A recent case suggests the courts are increasingly likely to find cross-border aircraft leases are outside the Unfair Contract Terms Act 1977 (UCTA). If a lease is outside UCTA its exclusion clauses may be valid even if they are “unreasonable”. Alexander Hewitt considers the case and summarises some key principles for drafting exclusion clauses.

Why do lessors seek to exclude liability for the leased aircraft and engines?

Aircraft lessors include exclusion clauses in their leases:  

  • to reduce their potential liability for defects in leased equipment. This is because the lessor will rarely have designed, made or selected the leased equipment for the lessee (naturally, manufacturers who lease their own aircraft also seek to limit their liabilities); and  
  • to bolster the lease’s “hell or high water” terms. Under these terms, a lessee must pay rent in full and on time, and litigate later if it alleges the aircraft is defective.  

How might UCTA apply to an aircraft lease?

One might expect English law to allow parties to an aircraft lease to be relatively free to exclude liabilities as they see fit. UCTA may regulate the lessor’s exclusion clauses, however, if the lease is on the lessor’s “written standard terms of business”.

If the lessor has drafted the lease, there is some risk a court will find it is on the lessor’s written standard terms of business – even if the parties change the lessor’s draft during negotiations.

International supply contracts are outside UCTA

Even if a lease is on the lessor’s written standard terms of business, it will be outside UCTA if it is an “international supply contract” (an ISC).

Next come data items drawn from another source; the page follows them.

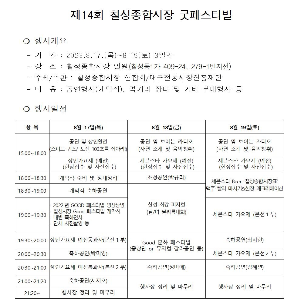 27. 대구 북구 칠성시장 굿 페스티벌(8.17~8.19)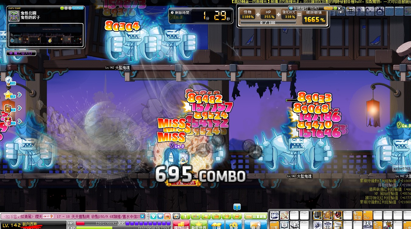 replyreload += ',' + 2017866; 一場十分鐘 等級再高致少會升一等 如果你有燃燒會更快 怪物會隨著等級增加 一天只能進五次 記得壓寫 我們可以看到 我141等 一隻怪物經驗值=2186+5574+6777+21860 =36397 這還不是極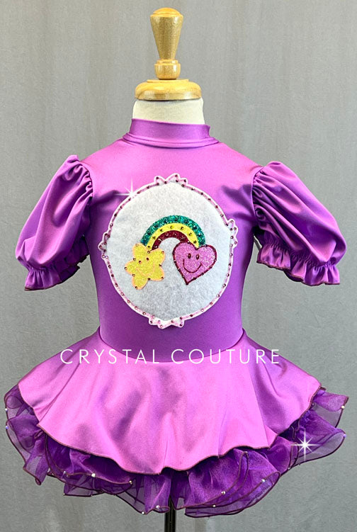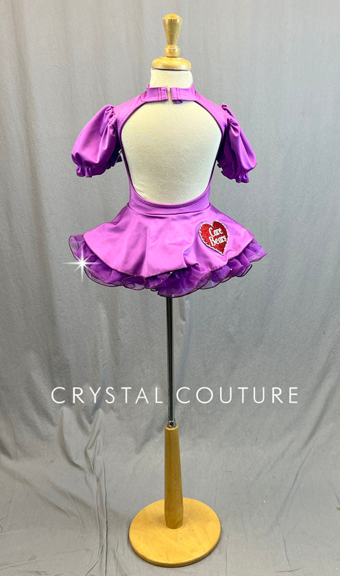 Custom Purple mock neck dress has puff sleeves and open back. Attached circle skirt has ruffled crinoline underneath. Red Care Bear heart patch on back of right hip and "Cheer Bear" patch on tummy. 1.5 Gross of Crystal AB 12ss, Rose 9ss, Fuchsia 9ss and 16ss, Light Peach 9ss, Citrine 16ss and Blue Zircon 16ss Rhinestones!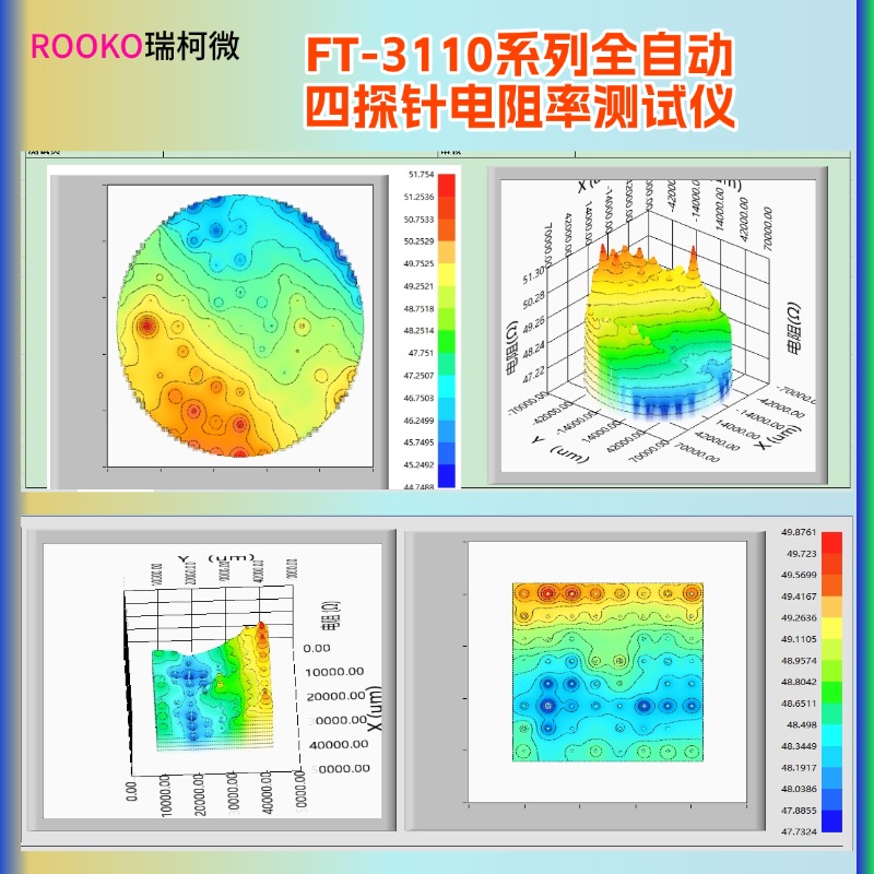 3. PC軟件分析:配套分析軟件,可實時顯示電阻、電阻率、電導率、溫濕度等數據,支持2D/3D掃描圖譜生成、數據統計分析與測試報表導出。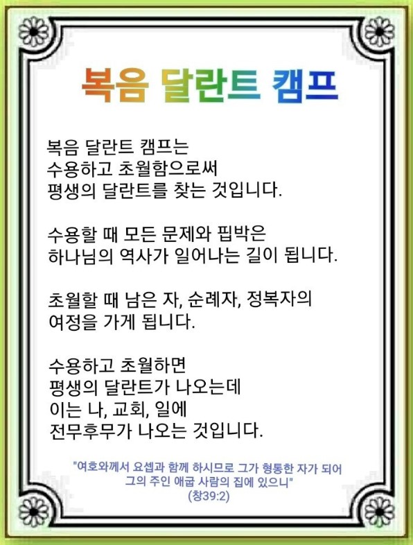 복음 달란트 캠프(창세기 39:2, 6)-몬테소리 치유센터

Unfortunately, the definition of an ISC in UCTA is detailed and not entirely clear. Until recently the courts have criticised the definition, but felt they had to apply its literal wording – even if that produced odd results.

But in Trident Turboprop (Dublin) v. First Flight Couriers [2009] EWCA 290, the Court of Appeal adopted a more commercial interpretation of the definition of an ISC. This may mean most cross-border aircraft leases will fall outside UCTA.

In Trident:

  • the lessor was based in the UK;  
  • the lessee was based in India;  
  • the lessee intended to use the aircraft in its courier business in India;  
  • the parties negotiated and executed the leases in the UK;  
  • delivery of each aircraft was to be in the UK.  

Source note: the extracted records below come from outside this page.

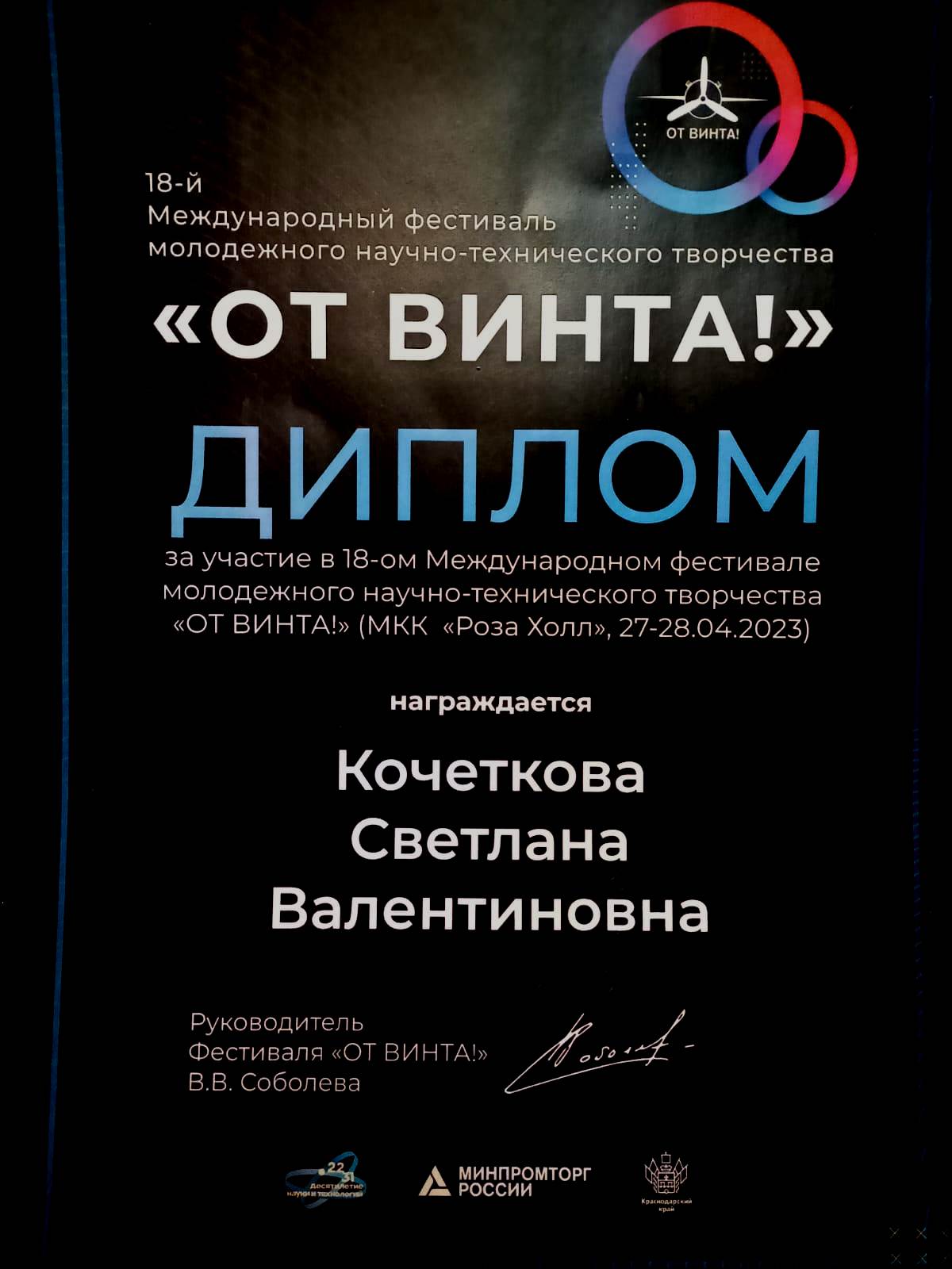 С 26 по 29 апреля 2023 года в горном кластере Роза Хутор Краснодарского края прошел XVIII Международный фестиваль молодежного научно-технического творчества «От Винта!». Фестиваль входит в список официальных мероприятий Десятилетия науки и технологий в России и проходит под эгидой Минпромторга РФ. В Краснодарском крае он проводился в третий раз. В 2023 году в нем приняли участие представители 80 регионов и более чем 30 зарубежных стран.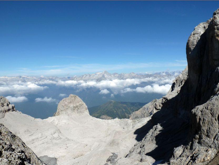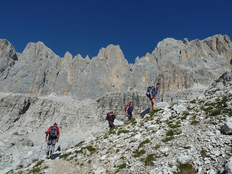 Appare, sull’altro versante, il grande circo detritico dei XII Apostoli, con il Rifugio Garbari sull’orlo delle lastronate.
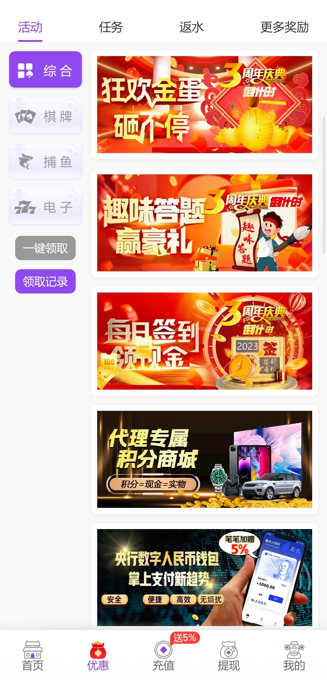 有新出周年庆典活动,砸金蛋/答题/签到/咨询客服就可以了。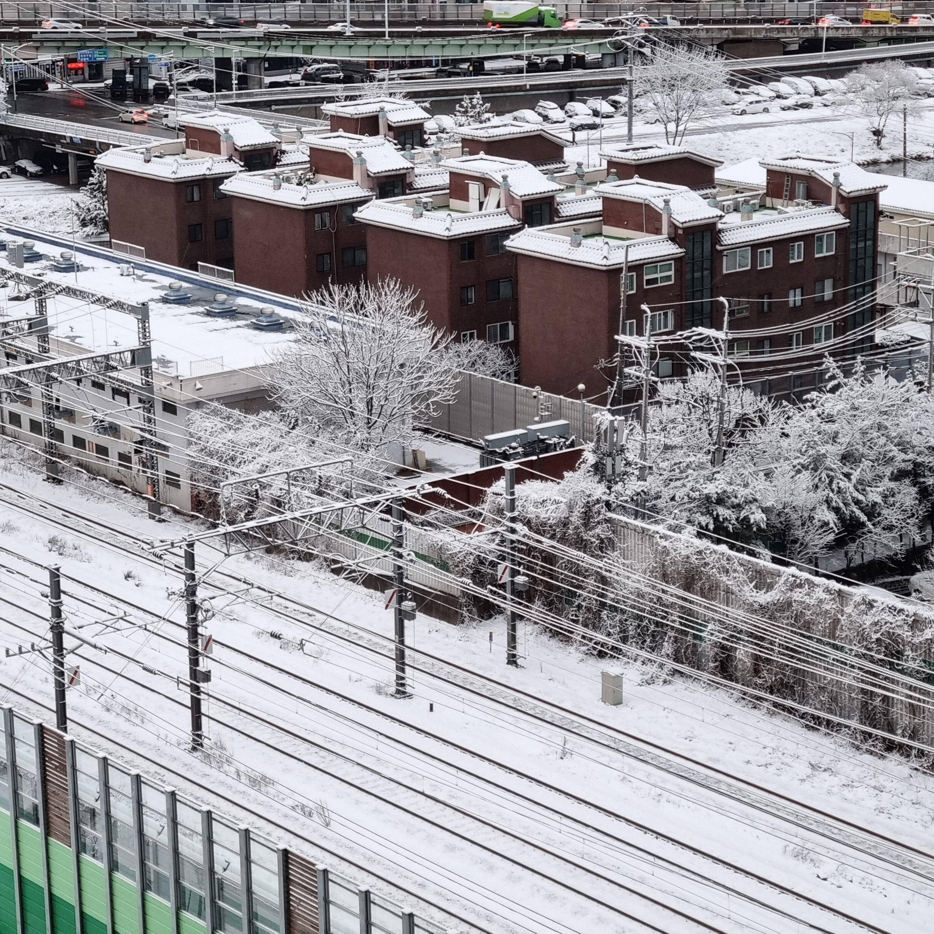 위는 24년 2월 2일 눈내리는 출근길 동영상, 아래는 2월 22일의 풍경

These facts satisfied two of the three essential elements of an ISC. These were that the contract:  

  • provided for possession of goods to pass from one party to another; and  
  • had been made by parties in different states.  

However, as:  

  • the parties made their offer and acceptance of the leases’ terms in one state; and  
  • the leases did not provide for the aircraft to be delivered to a state in which neither offer nor acceptance had taken place, the Court of Appeal had to consider section 26(4)(a) UCTA to see if the leases passed the third and final test for an ISC.

Under section 26(4)(a), the leases would pass this final test if:  

“the [aircraft were] at the time of the conclusion of the [leases], in the course of carriage, or [would] be carried, from the territory of one state to the territory of another”.  

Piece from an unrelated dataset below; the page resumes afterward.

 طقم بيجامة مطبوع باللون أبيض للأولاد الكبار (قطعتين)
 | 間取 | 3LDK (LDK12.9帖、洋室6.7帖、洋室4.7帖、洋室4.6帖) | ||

The court decided a lease would come within this formula in (with bold emphasis added):  

“any case in which the parties contemplate at the time of entering into the contract that the goods … will be transported across national boundaries, not necessarily in order to fulfil the terms of the contract, but in order to achieve its commercial object [so that] … if a person who carries on business abroad hires equipment from a supplier in this country in circumstances where both know that the intention is for it to be used abroad, the lease is one pursuant to which the goods will be carried from the territory of one state to the territory of another within the meaning of section 26(4)(a) and can sensibly be described as an [ISC]”.

On this basis, the court held that the leases in the Trident case were ISCs and therefore excluded from UCTA.

Implications for lessors and key drafting points

The fact that the Court of Appeal has applied a “sensible” and “commercial” construction of section 26(4)(a) is good news for lessors. However, the courts still have a common law power to interpret exclusion clauses so that they do not protect a lessor.  

This is a complex area, but certain drafting practices can increase the chances a court will uphold a lessor’s exclusion clause. These include:  

  • making the exclusion prominent and easy to find;  
  • ensuring the exclusion is clear, coherent and makes commercial sense. Anything one cannot decode without a cold towel on one’s head may be a gift to the lessee;  
  • reducing ambiguity. The courts are likely to resolve ambiguities in an exclusion against the person who drafted the lease;  
  • putting any exclusion you consider suspect into a separate clause. If a court strikes this clause out this may help leave the other exclusions intact;  
  • clearly and specifically covering all relevant causes of action, categories of loss and remedies; and  
  • using the correct technical terms when seeking to exclude set-off, abatement, counterclaim and analogous remedies. This may make your “hell or high water” language more flame- and waterproof. The courts have held, for example, that saying payment must be made “without deduction” does not prevent the paying party from exercising set-off.